"A [preacher] who does not love art, poetry, music and nature can be dangerous. Blindness and deafness toward the beautiful are not incidental; they are necessarily reflected in his [preaching]." — BXVI
01 July 2021
27 June 2021
12th and 13th Sundays OT Homilies: Audio Files
13th Sunday OT
Fr. Philip Neri Powell OP
How does faith heal? That is, how does having faith set the stage for being healed? Last Sunday, Jesus rebuked his panicked disciples during a storm, asking them, “Why are you terrified? Do you not yet have faith?” The disciples were freaking out about the possibility of drowning in the storm b/c they did not yet have faith. “Having faith” here is not like having a watch or having a cell phone or having a cold. Faith is not an object that we possess, or a quantity of something that we can gain or lose. Nor is it a condition that we endure. What the disciples lacked – at that point in their training – was a trusting, intimate relationship with their Lord and Savior. Because they did not yet live in the sure hope of the resurrection; because they did not yet see themselves as reflections of the Christ in the world – they feared death. They feared injury and sickness. They feared being cast out. They feared not being seen as prominent men. They feared losing the prestige of being a disciple. They doubt; they worry; they need control. Faith, having a trusting, intimate relationship with Christ, sets the stage for healing.
How does faith heal? Look at the two miracles we have this morning. Jairus' daughter is dying. Jairus runs to find Jesus and begs him to heal her. Jesus, the disciples, and a whole crowd of people head off to Jairus' house. On the way, a woman who's been bleeding for 12yrs touches Jesus' cloak. She is immediately healed. Notice what Jesus says to her, “Daughter, your faith has saved you.” He doesn't say, “Touching my clothes has saved you.” Jesus isn't wearing a Magical Healing Cloak. It's her belief, her trust, her surrender to Christ's power that heals her. She puts away worry and fear and pride and just reaches out in submission to the gift of Christ's presence. . .and touches. In the meantime, Jairus' daughter dies.
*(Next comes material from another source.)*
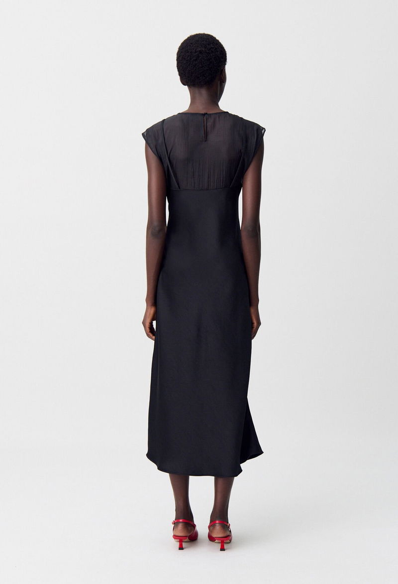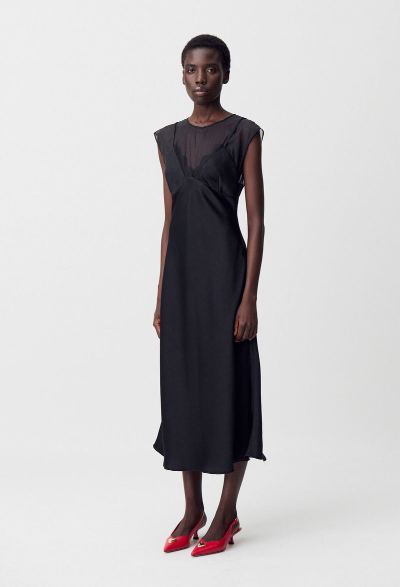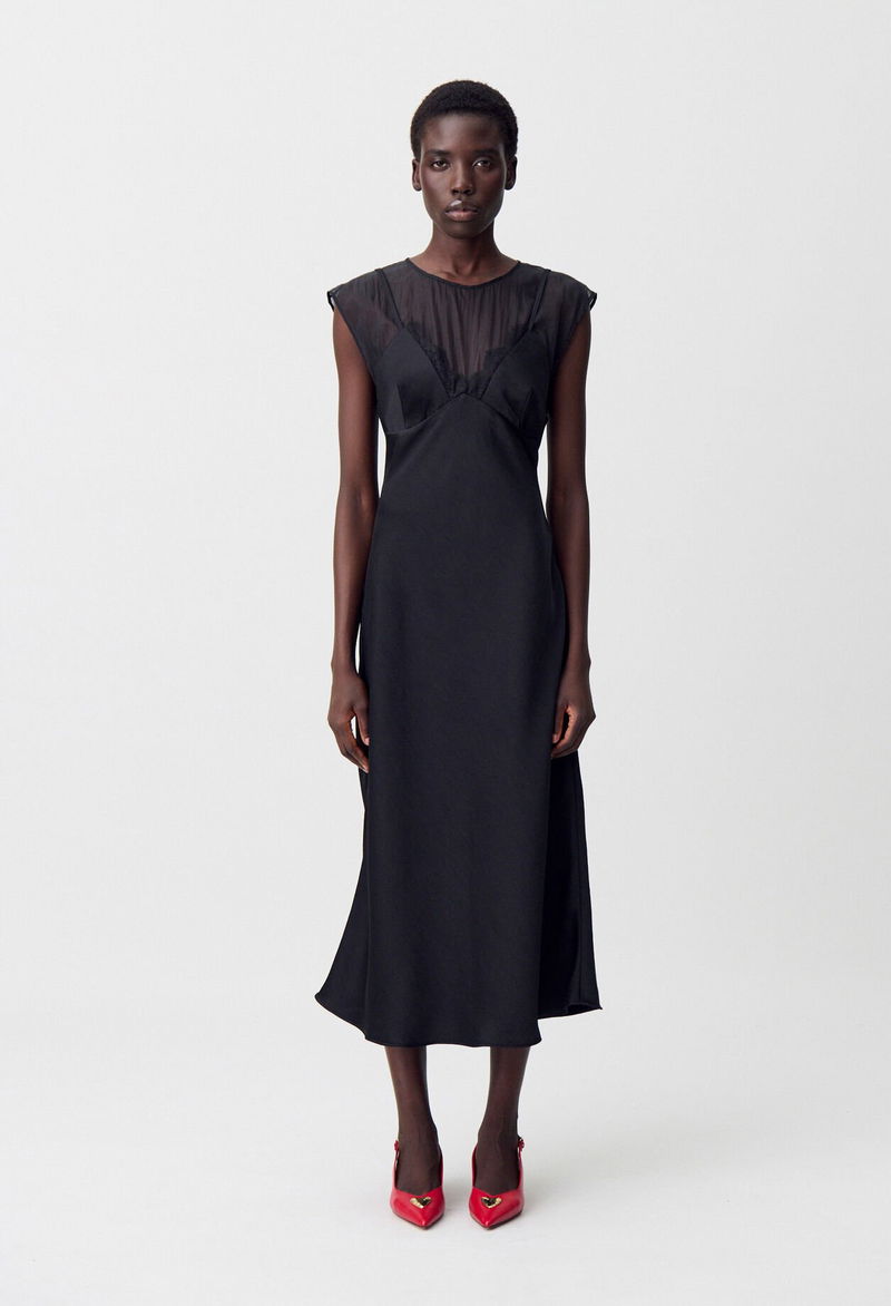 Each year, high society gathers for a grand gala evening. By reinterpreting this wardrobe in a feminine and contemporary way, the studio has envisioned lace details on dresses, tops, and skirts in predominantly black tones, combined with sheer accents. The work on pleating and draping is elevated by fluid and sharp cuts.

Jesus says to the father, “Do not be afraid; just have faith.” When Jesus gets to the house, he asks a question much like the one he asked during the storm, “Why this commotion and weeping?” He orders the girl to rise. And she does. How? Because she had faith? No, obviously not. She was dead. Her father's faith saved her. Her father's belief, trust, and surrender to the presence of Christ saved her. These are miracles of healing and resurrection. Not everyday events. Nonetheless, faith prepares the stage for our healing, our salvation.
We understand faith to be a believing, trusting, intimate relationship with the Father through Christ Jesus. Faith is not an object or a condition or quantity of something to be counted. Faith is the good habit of trusting that God has made good on His promises. Faith is a disposition, an inclination. Faith is the first and last place we go to find our peace and see ourselves settled into the loving routine of becoming Christs for the world. When disease, accident, natural disaster, financial misfortune, death, sin – when any of these almost inevitable events occur, how we respond judges our faith. If you respond with panic, anxiety, worry, fear, violence – well, maybe your relationship with the Father through Christ Jesus isn't as strong as you thought. Maybe your friendship with Christ lacks intimacy, lacks surrender. Maybe you're holding something back – just in case Christ doesn't meet your expectations. How well would a marriage work if you didn't trust your spouse? How well does parenting work if you love your children conditionally? How about that friendship where your friend betrays your confidence on a regular basis? How's that working for you? Think carefully: what am I holding back from Christ? How am I failing to trust him?
We cannot heal ourselves. Sure, we can bandage up cuts and scrapes, but I'm talking about the sort of healing that brings us to eternal life. Salvation. The healing of our relationship with God the Father. Only Christ that heal that wound. Jesus says to the woman, “Your faith has saved you.” Your trusting, believing, intimate surrender to me has gained you salvation. And with salvation gained, with our hearts and minds focused on eternal life, what's a storm, a disease; what's a natural disaster or even a death? Tragic? Yes, absolutely! Do we grieve? Of course we do! But we carry on growing in holiness, surrendering ourselves to being perfected in Christ, and being his ministers in the world. The Enemy wants us to panic, to be worried, to shrink away in fear. He wants us scattered, crying and wailing, hoarding our graces just in case, ya never know. Why? Because he needs us to think we're in control. He needs us to behave as if we're in control. That way, his power grows; his influence increases. We belong to Christ. Not to the world. Faith is how we show the world that we belong to Christ. Show the world that you are healed. Show the world that you have surrendered to Christ.